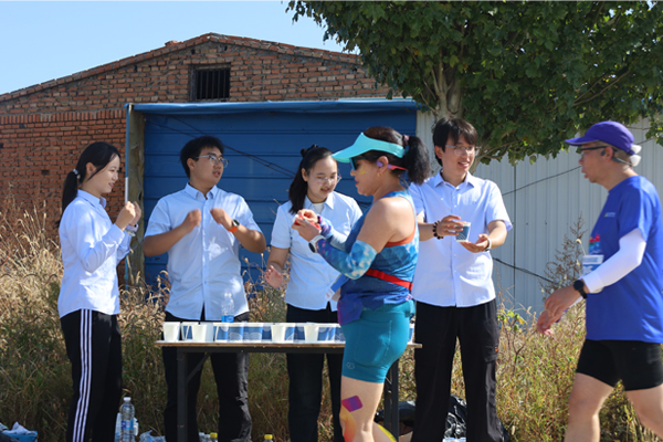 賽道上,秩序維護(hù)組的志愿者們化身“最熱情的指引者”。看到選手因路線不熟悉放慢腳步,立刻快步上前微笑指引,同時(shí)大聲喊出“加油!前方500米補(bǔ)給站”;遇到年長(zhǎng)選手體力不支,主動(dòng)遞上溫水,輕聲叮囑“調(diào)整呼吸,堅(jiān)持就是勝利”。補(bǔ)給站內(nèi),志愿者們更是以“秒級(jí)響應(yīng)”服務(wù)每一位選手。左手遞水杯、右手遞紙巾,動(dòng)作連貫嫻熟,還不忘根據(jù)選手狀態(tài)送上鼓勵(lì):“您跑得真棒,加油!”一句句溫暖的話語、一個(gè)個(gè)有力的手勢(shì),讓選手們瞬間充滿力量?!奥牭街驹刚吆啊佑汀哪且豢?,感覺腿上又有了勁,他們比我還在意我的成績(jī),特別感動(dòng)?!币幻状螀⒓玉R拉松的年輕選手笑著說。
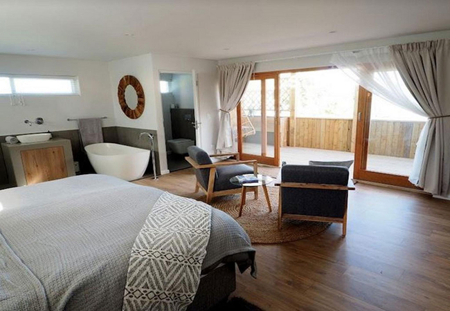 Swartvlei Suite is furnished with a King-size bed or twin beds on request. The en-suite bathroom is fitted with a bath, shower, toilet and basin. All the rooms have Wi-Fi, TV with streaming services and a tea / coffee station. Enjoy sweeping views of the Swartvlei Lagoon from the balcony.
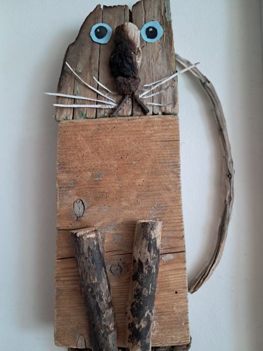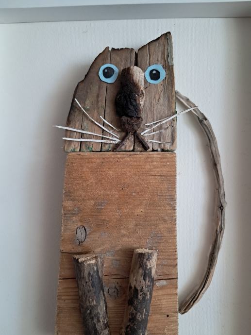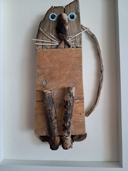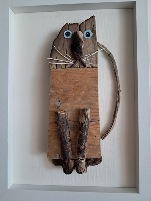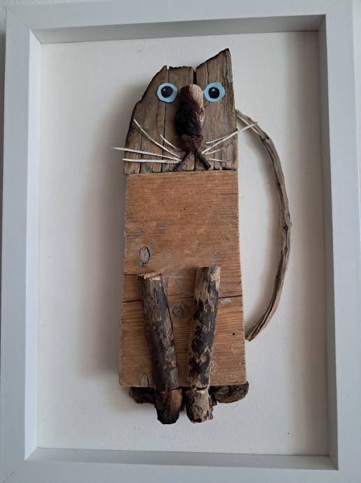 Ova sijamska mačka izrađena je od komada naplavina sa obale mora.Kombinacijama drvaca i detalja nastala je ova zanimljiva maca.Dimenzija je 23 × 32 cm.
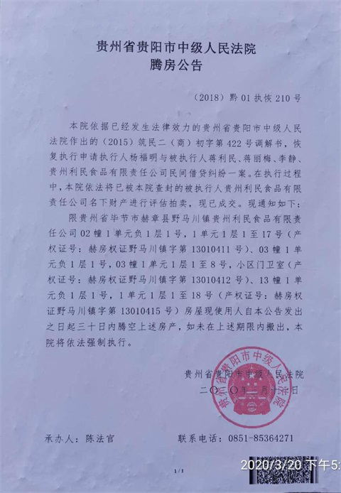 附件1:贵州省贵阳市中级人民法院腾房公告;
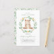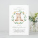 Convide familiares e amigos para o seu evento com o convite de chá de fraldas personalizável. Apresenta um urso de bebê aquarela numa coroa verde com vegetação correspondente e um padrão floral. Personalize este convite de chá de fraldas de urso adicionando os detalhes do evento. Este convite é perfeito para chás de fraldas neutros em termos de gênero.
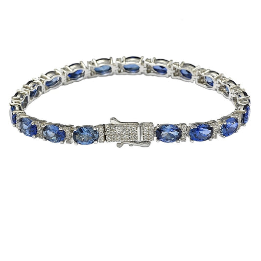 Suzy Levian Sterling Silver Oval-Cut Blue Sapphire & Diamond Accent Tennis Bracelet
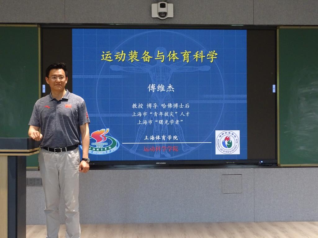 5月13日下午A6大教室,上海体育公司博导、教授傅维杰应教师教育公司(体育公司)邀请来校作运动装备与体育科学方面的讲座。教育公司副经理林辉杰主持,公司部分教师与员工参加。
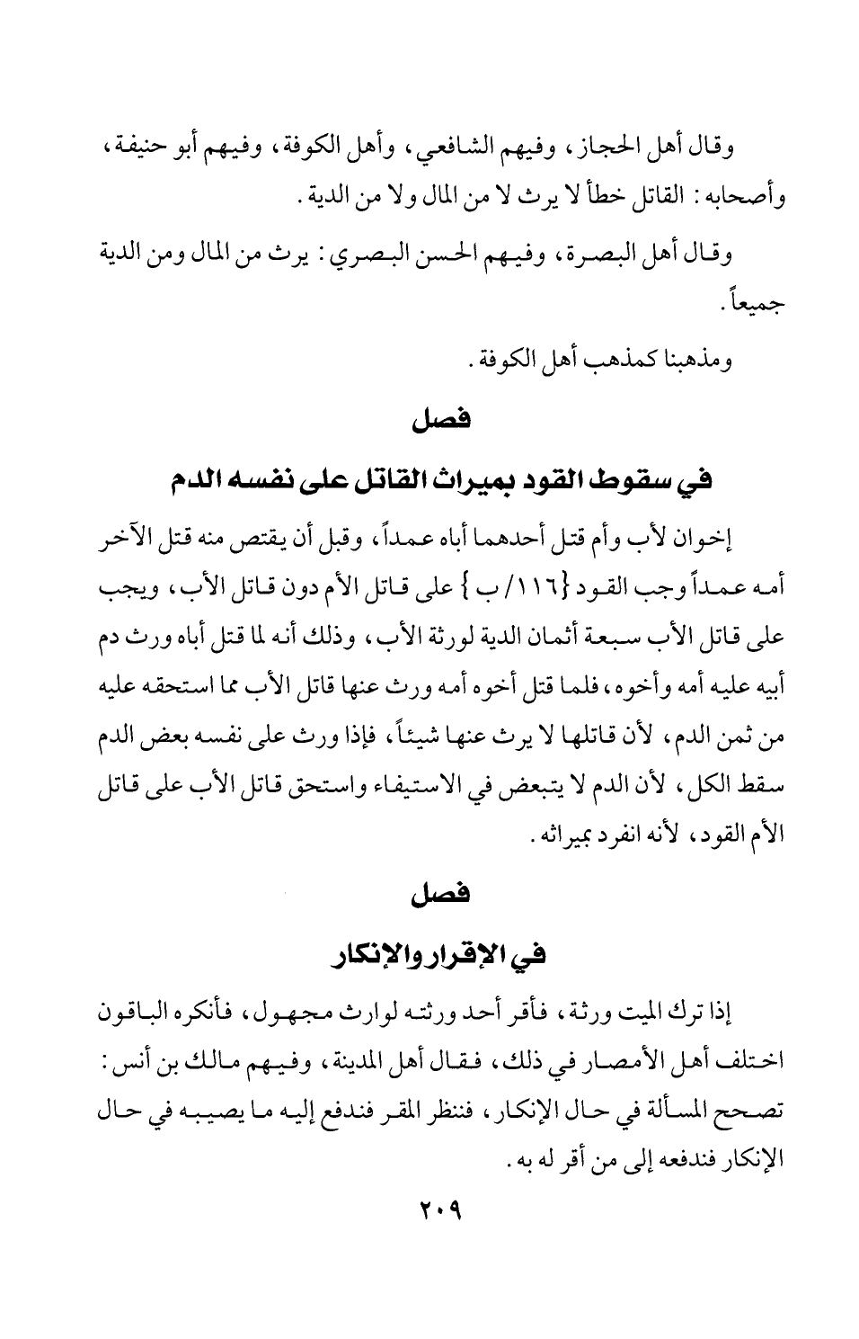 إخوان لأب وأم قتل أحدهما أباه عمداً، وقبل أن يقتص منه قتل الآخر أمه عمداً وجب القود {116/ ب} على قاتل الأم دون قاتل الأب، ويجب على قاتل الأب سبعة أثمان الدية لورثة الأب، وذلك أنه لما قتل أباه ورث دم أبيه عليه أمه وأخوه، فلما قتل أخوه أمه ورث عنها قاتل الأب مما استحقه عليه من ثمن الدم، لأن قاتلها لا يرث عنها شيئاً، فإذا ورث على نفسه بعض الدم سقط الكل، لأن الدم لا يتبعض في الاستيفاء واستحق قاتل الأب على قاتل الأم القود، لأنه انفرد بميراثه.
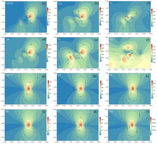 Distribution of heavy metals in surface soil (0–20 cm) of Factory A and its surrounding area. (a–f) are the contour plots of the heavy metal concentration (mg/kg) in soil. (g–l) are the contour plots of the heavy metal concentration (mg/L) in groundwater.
--
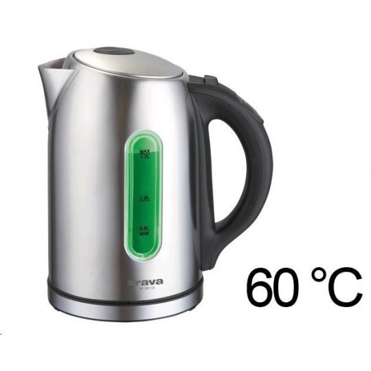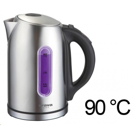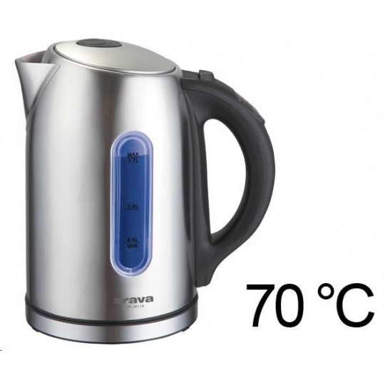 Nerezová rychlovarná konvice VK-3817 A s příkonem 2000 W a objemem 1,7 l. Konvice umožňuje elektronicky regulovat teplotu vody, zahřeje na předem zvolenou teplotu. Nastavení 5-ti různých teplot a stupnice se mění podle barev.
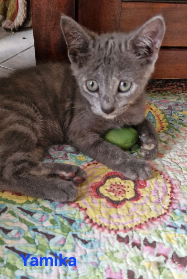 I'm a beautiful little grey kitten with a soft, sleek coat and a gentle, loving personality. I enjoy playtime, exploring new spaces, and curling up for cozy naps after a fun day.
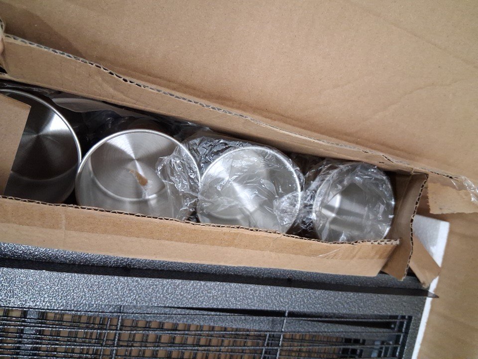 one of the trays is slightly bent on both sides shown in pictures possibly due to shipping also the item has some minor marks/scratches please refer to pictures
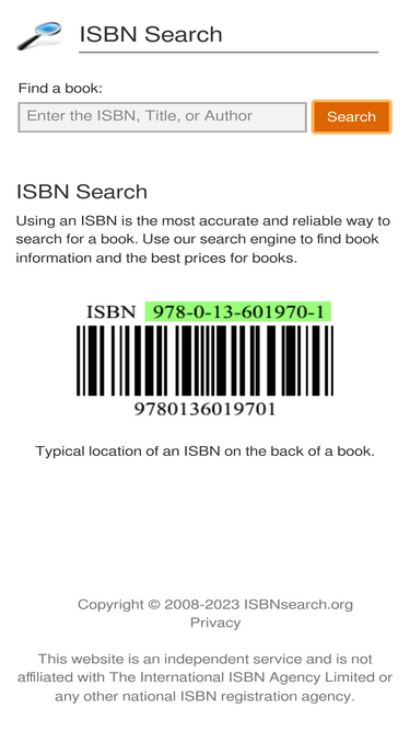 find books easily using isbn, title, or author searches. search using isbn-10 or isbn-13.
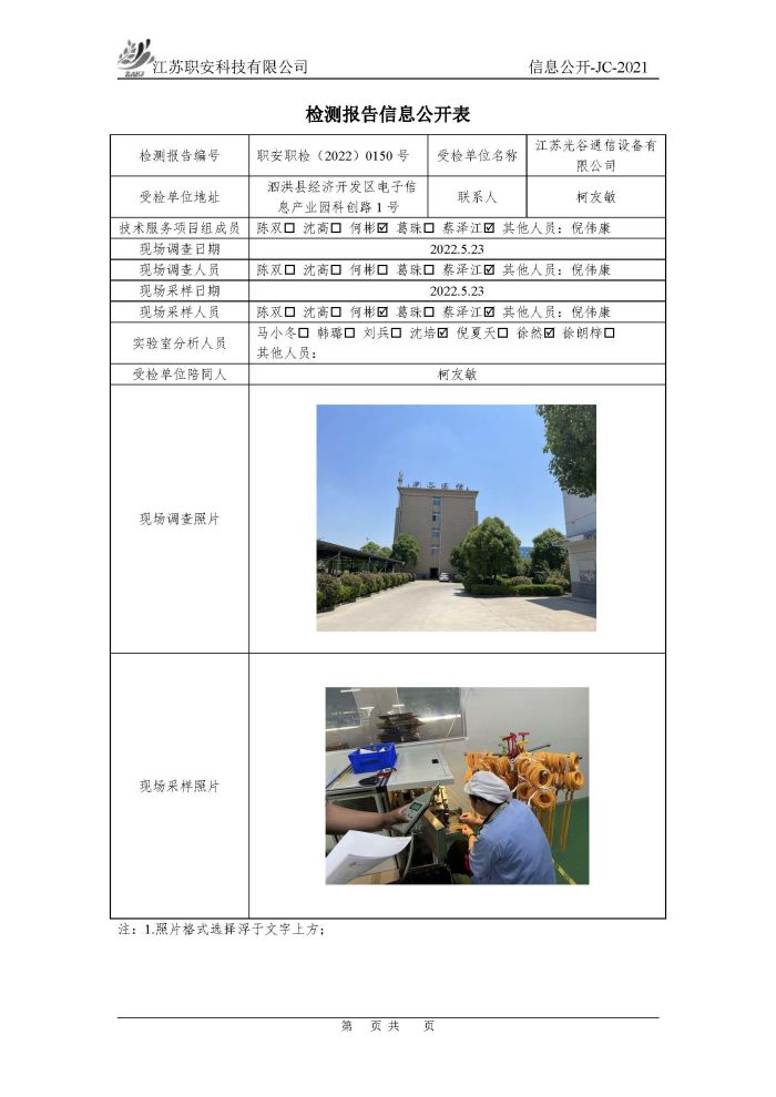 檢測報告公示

ABOUT THIS EXERCISE ::
The lines to copy exactly start with the line above that has "إخوان لأب وأم" and go on through the line that has "Distribution of heavy"; please include both, add nothing else, and omit the pictures.

TASK ANSWER ::
 إخوان لأب وأم قتل أحدهما أباه عمداً، وقبل أن يقتص منه قتل الآخر أمه عمداً وجب القود {116/ ب} على قاتل الأم دون قاتل الأب، ويجب على قاتل الأب سبعة أثمان الدية لورثة الأب، وذلك أنه لما قتل أباه ورث دم أبيه عليه أمه وأخوه، فلما قتل أخوه أمه ورث عنها قاتل الأب مما استحقه عليه من ثمن الدم، لأن قاتلها لا يرث عنها شيئاً، فإذا ورث على نفسه بعض الدم سقط الكل، لأن الدم لا يتبعض في الاستيفاء واستحق قاتل الأب على قاتل الأم القود، لأنه انفرد بميراثه.
 Distribution of heavy metals in surface soil (0–20 cm) of Factory A and its surrounding area. (a–f) are the contour plots of the heavy metal concentration (mg/kg) in soil. (g–l) are the contour plots of the heavy metal concentration (mg/L) in groundwater.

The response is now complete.